When I was at my nature walk the other day, I took a patch of moss from the bark of a tree. The prof said it's Singapore Moss. Here's the pic:


Can you see, within the patch, that there's a frond that looks somewhat like the Christmas Moss? So you see, even in its natural habitat, the Singapore Moss appears in more than one form.

Okay, that's all for the Singapore Moss. Now for some new mosses.

System Engineering and Control, the fish shop along Bendemeer Road that sells Bioplast products gave me a moss the other day. They call it Mini-Christmas. It's very beautiful. The fronds look like Christmas except that they are much smaller. Here's a pic:



The professor said it's a species of _Taxiphyllum_ but it isn't the same as Taiwan or Java Moss. He couldn't be sure of the species though as we don't know where the moss is orginally from. 

Mermaid World, the fish shop in Ang Mo Kio Ave 10 that specialises in many mosses gave me a moss which came with capsules. Melvin Lim, the owner said the moss can be found locally. Here's a pic:



The Prof said it's a species of _Taxiphyllum_ but not the same as Mini-Christmas, Java or Taiwan. The Prof was quite amazed that the moss can be found locally as he said that as far as he know, there's only one species of _Taxiphyllum_ that is native to Singapore, a moss called _Taxiphyllum taxirameun_. The _T. taxirameun_ is not an aquatic moss though, too bad  :Crying: . The Prof will be examining the moss in greater detail and he'll let me know what species it is as soon as it's confirmed that it is local.

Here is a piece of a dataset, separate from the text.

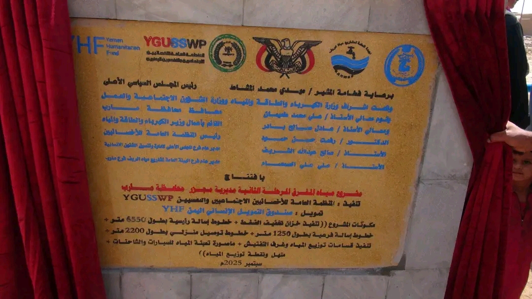 افتتح محافظ مأرب اللواء علي محمد طعيمان ونائب وزير الكهرباء والطاقة والمياه عادل بادر اليوم المرحلة الثانية من مشروع توسعة شبكة مياه المفرق في مديرية مجزر بمحافظة مأرب، بتكلفة 114 ألف دولار، بدعم صندوق التمويل الإنساني في اليمن.

That's all for my report, folks. Watch this space for further news on mosses  :Laughing: 

Loh K L

<<-- Part III .... Part V-->

----------


## Green Baron

Amazing ! All there are Singapore Moss and they look so different !

----------


## TyroneGenade

Hi Loh

Real interesting account.

Back in SA we had a multi-form moss we used to call Java Moss. From what you describe combined with the pics it looks much more like Singapore Moss. 

A real interesting thread!

Thanks for sharing!

----------


## PeterGwee

Loh, do you have any idea of the water temperature of that tank in NA? The stringy look blends in so well with the wood....fantastic!

Regards
Peter Gwee :wink:

----------


## stormhawk

KL, did the Prof. say how widespread the Singapore moss is? It seems to be that it is abundant in all corners of the island.

----------


## shortman

> KL, did the Prof. say how widespread the Singapore moss is? It seems to be that it is abundant in all corners of the island.


The miltary restricted area have the largest population as mention in the study by prof Tan, I PM you the document. The area 'D' and 'E' should have more I suspect.

----------


## hwchoy

we saw a lot of them in the Catchment and Bk Timah Reserves.

Area D and E do not have a lot of secondary forests, they are primarily bushland (CB Leaves) and rubber plantations. The area used to be farmland until most were dammed for the reservoirs.

You should find more moss in the old forested areas. Just yesterday I saw some Singapore moss showing a triangular form on the moister area of the rocks or wood they were growing on, in the Catchment Reserve.

----------


## timebomb

> Loh, do you have any idea of the water temperature of that tank in NA? The stringy look blends in so well with the wood....fantastic!


Peter, 

Chan, the owner of Nature Aquarium is quite an accomplished aquatic gardener. His tanks are lovely. I don't know what's the temp in his display tank but I believe it's rigged up to a chiller. 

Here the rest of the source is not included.